Von hier ausgehend liegt der zweite Unterschied in der zeitlichen Ordnung des Prozesses, wie ein Mensch zum Glauben kommt. Glaube und Taufe gehören zusammen, sagen wir als Baptisten. Glaube und Taufe gehören aber auch für unsere Geschwister in den anderen Kirchen zusammen. Auch sie würden sich missverstanden fühlen, wenn man behauptete, sie seien anderer Meinung. Sie ordnen den Prozess anders – zusammen gehört es trotzdem. Das Element der Konfirmation erfüllt dort denselben Zweck, wie bei uns das Glaubensbekenntnis bei der Taufe – der gläubige Mensch stellt sich zu dem Handeln Gottes, das in der Taufe an ihm geschehen ist. Man könnte es wie folgt darstellen:
Baptisten:
Lehre –> Glaube und Bekenntnis –> Taufe
andere Kirchen:
Taufe –> Lehre und Unterricht –> Glaube
Für beide Verständnisse ist unabdingbar, dass Glaube und Taufe im christlichen Leben zusammengehören.

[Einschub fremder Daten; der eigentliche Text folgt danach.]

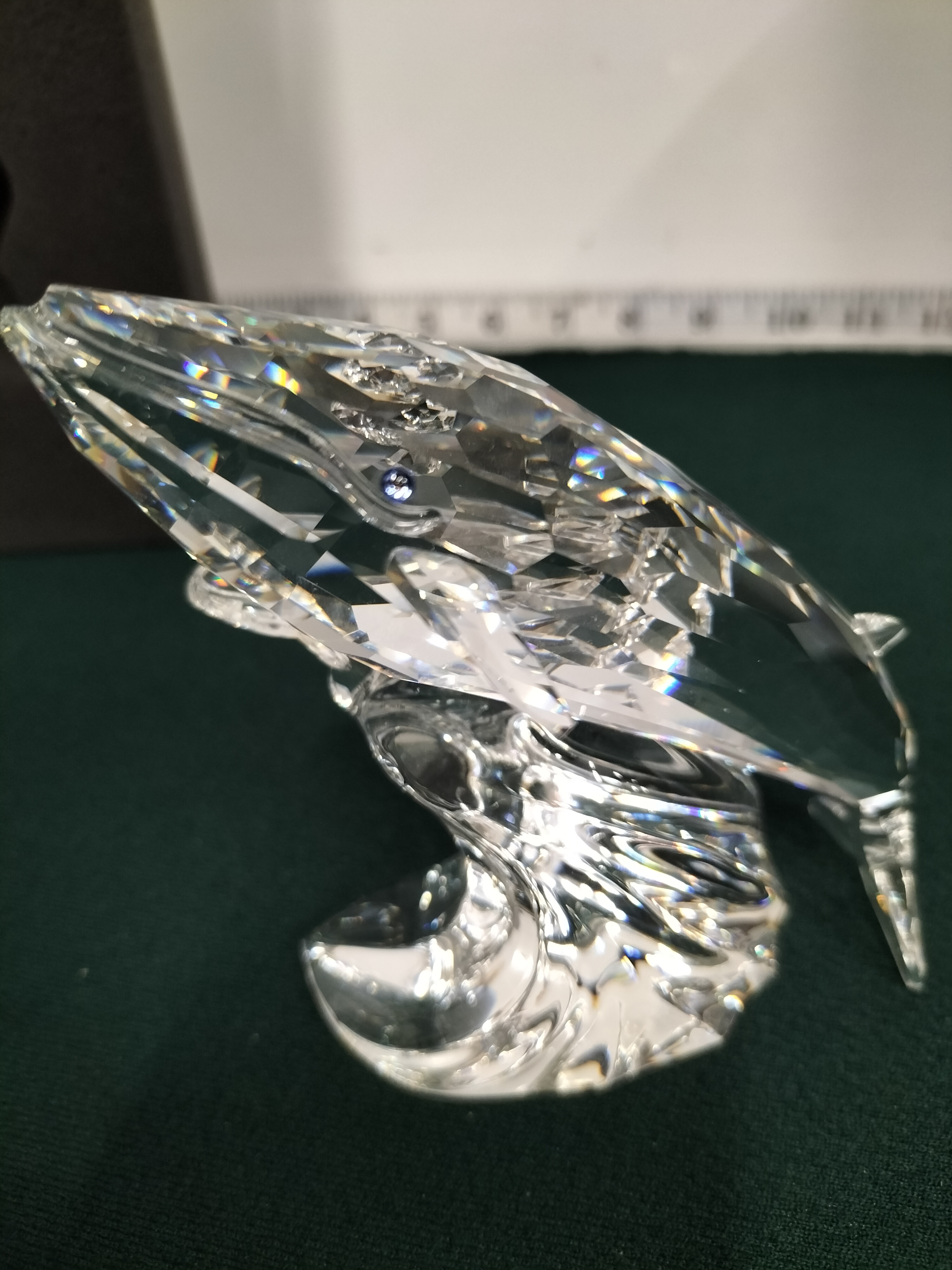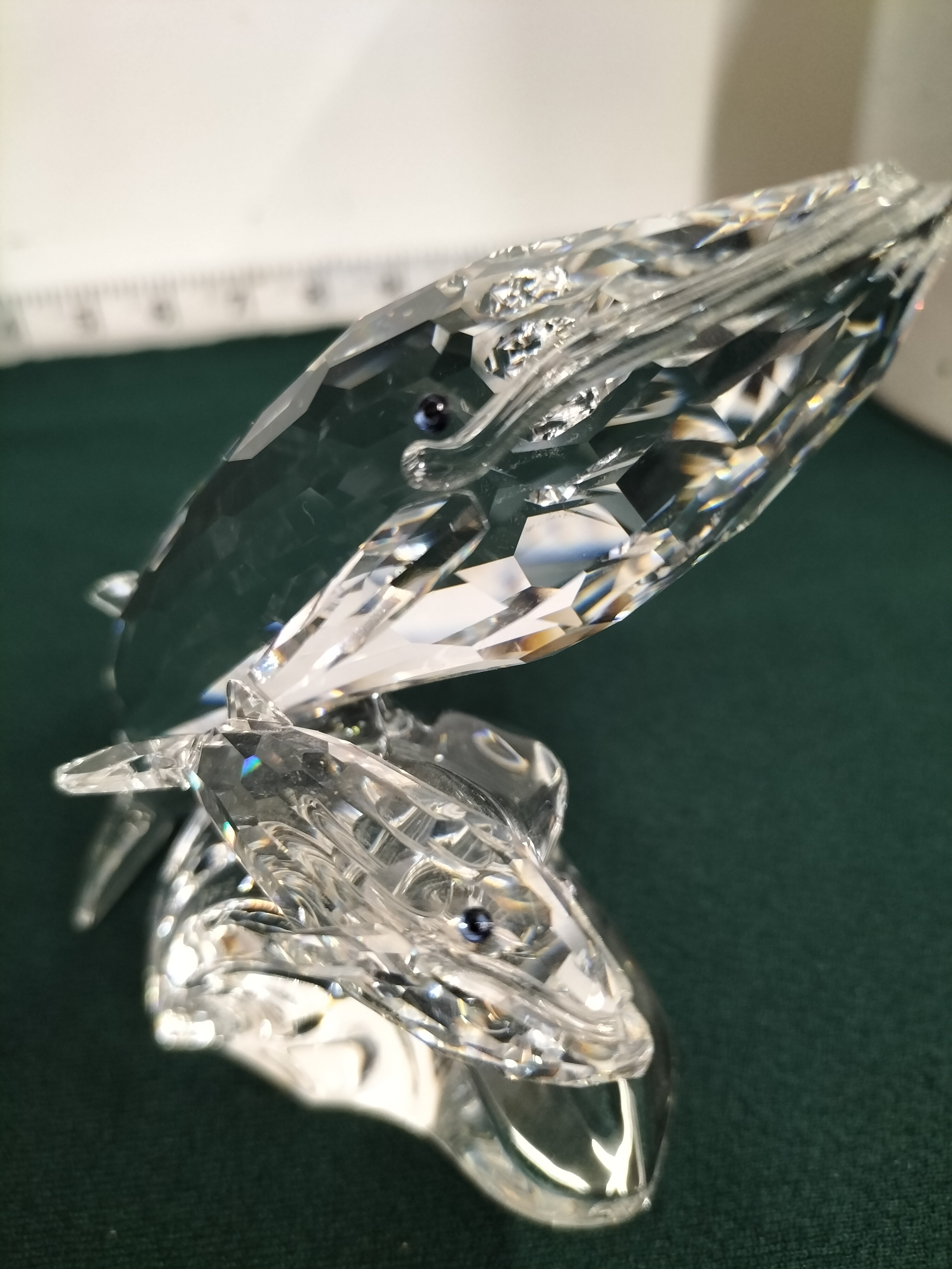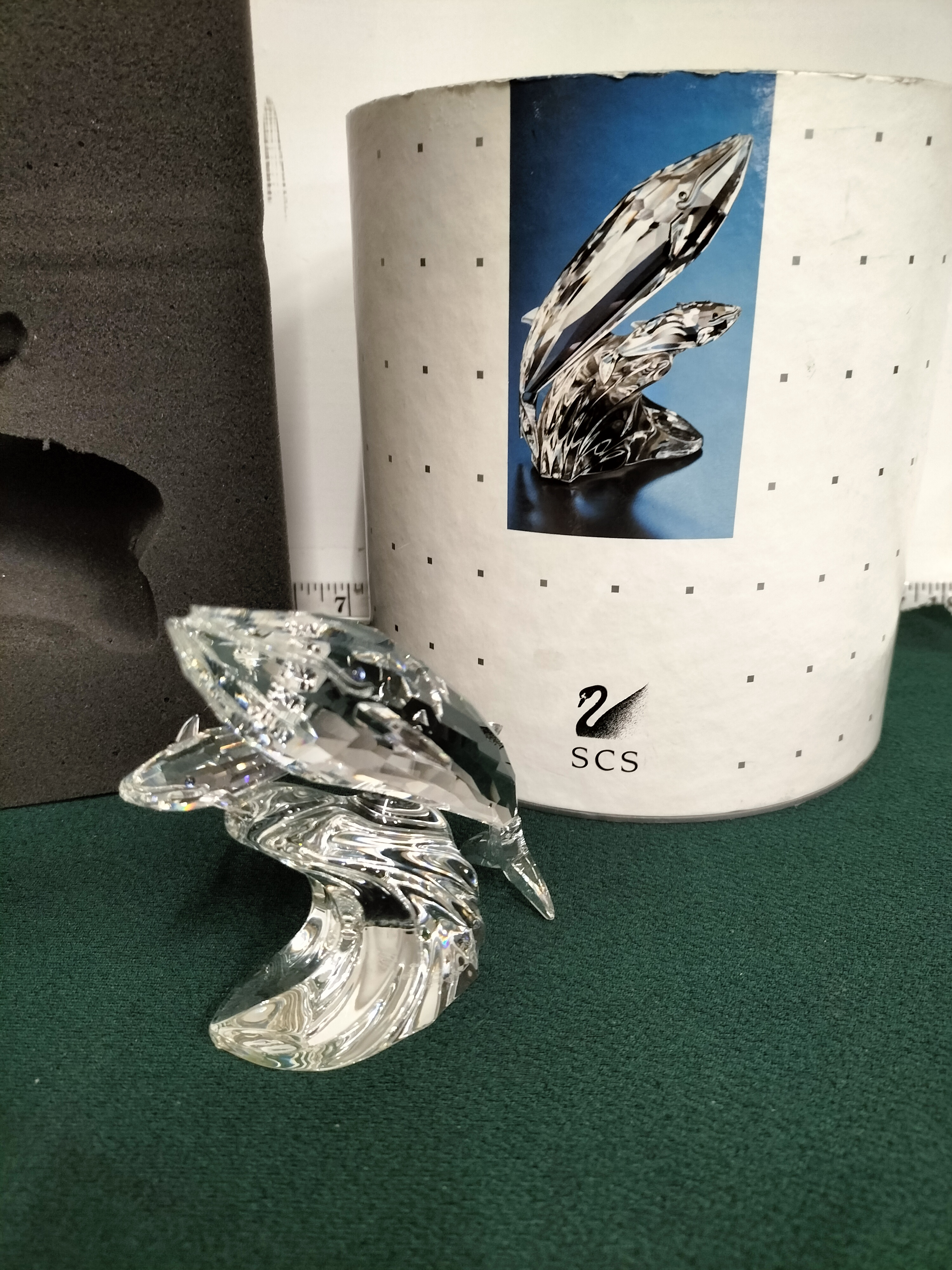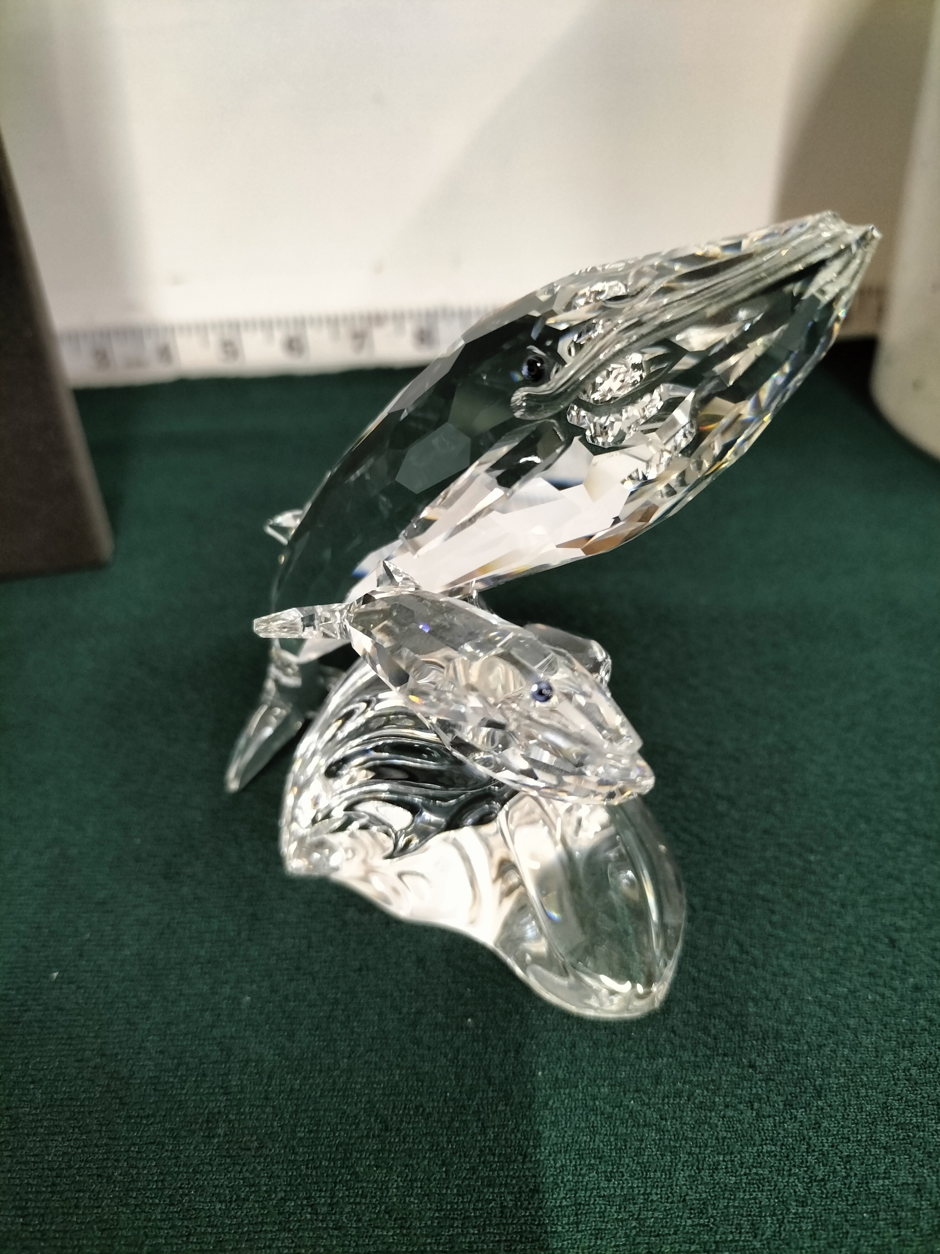 A clear faceted Swarovski crystal figurine depicting two whales breaching on a wave, accompanied by its original cylindrical SCS box.
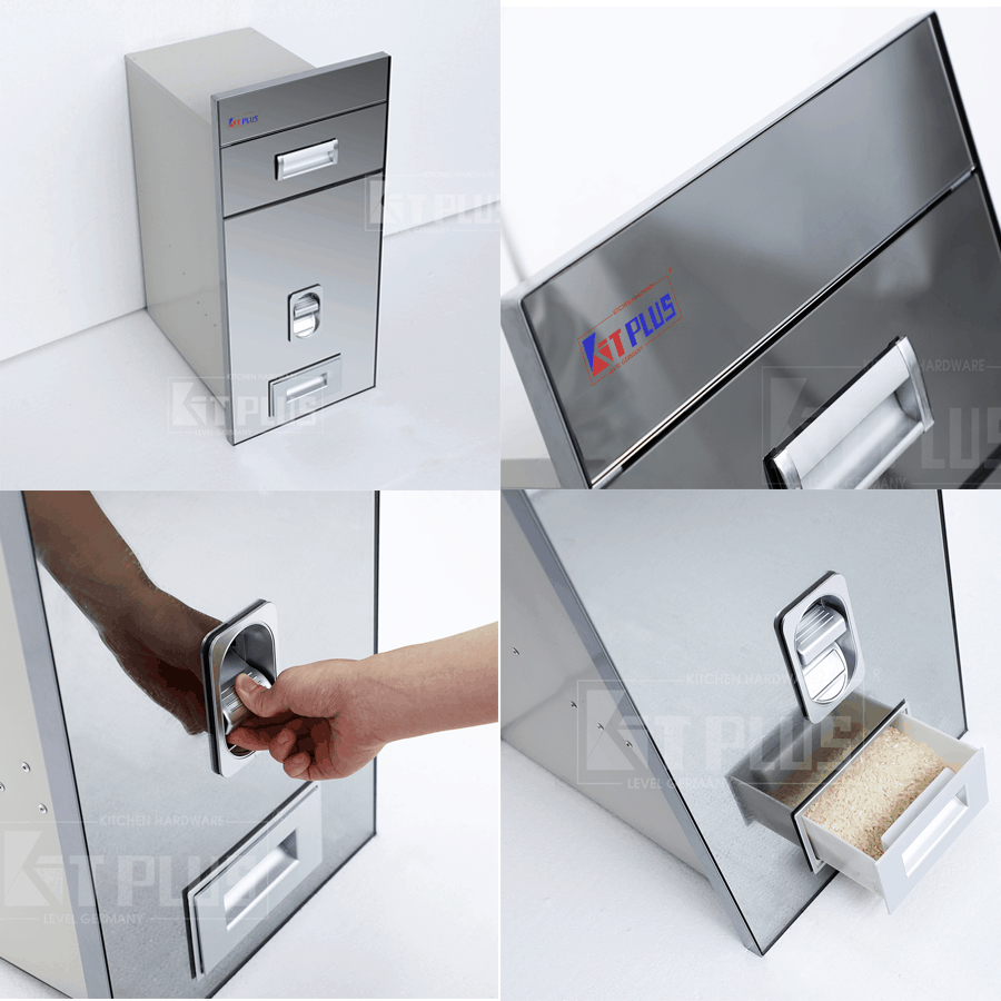 Trên thị trường, có rất nhiều mẫu mã sản phẩm thùng đựng gạo thông minh, khách hàng có thể thoải mái lựa chọn. Tuy nhiên, điều này không tránh khỏi sẽ có những sản phẩm hàng giả, hàng nhái, kém chất lượng với nhãn mác cao cấp giá thành cao. Là người tiêu dùng, chúng tôi khuyên bạn nên tìm hiểu kỹ trước khi lựa chọn sản phẩm, nên tìm đến những hãng có thương hiệu để mua cho yên tâm. KIT PLUS hiện đang là một trong những hãng chuyên cung cấp, phân phối các dòng sản phẩm phụ kiện thùng đựng gạo cao cấp. Hiện chúng tôi đang có các loại mẫu được đông đảo khách hàng lựa chọn :+ Thùng đựng gạo âm tủ :

All das zu sehen, gelingt allerdings nur, wenn man sich nicht Situationen im kirchlichen Leben anschaut, wo es offensichtlich nicht richtig läuft, sondern wenn man sich darauf einlässt, die „Bestgestalt“ (dieses Wort hatte tatsächlich nicht nur einen kulinarischen Sinn) der jeweils anderen Kirche wahrzunehmen. Der typische Abgrenzungsreflex auf allen Seiten ist allerdings immer darauf bedacht, die Differenz zwischen mir und anderen möglichst groß erscheinen zu lassen und deswegen gerade nicht die Bestgestalt bei den jeweils anderen wahrzunehmen.
Im ökumenischen Miteinander ist es heilsam, wenn man sich dazu erzieht, die „Bestgestalt“ der anderen Kirchen wahrzunehmen und nicht die negativen Situationen zum Maßstab nimmt. Wichtig dabei ist, dass man auch den anderen Kirchen zutraut, dass sie ihre Erkenntnis in Verantwortung vor Gott gewonnen haben und umsetzen.
Von hier aus stellt sich die Frage nach unserem Umgang mit der Taufpraxis anderer Kirchen unseres Erachtens noch einmal neu.
Liebe Geschwister, Ihr seht, dass uns dieses Thema sehr ausführlich beschäftigt hat. Wir würden gern mit Euch im nächsten Jahr neu darüber ins Gespräch kommen, Perspektiven austauschen und dazulernen, wo es notwendig ist. Als Gemeindeleitung haben wir an diesem Wochenende jedenfalls viel dazugelernt.
Wer weitere Literatur für das eigene Studium haben möchte, kann sich gern an Simon Werner wenden.
Neben dem Kochen und unserem Hauptthema „Taufe und Mitgliedschaft“ haben wir außerdem noch eine reguläre Gemeindeleitungssitzung gehabt und am Sonntag selbstverständlich einen Gottesdienst miteinander gefeiert. All das war eingebunden in fröhliches Singen und Beten.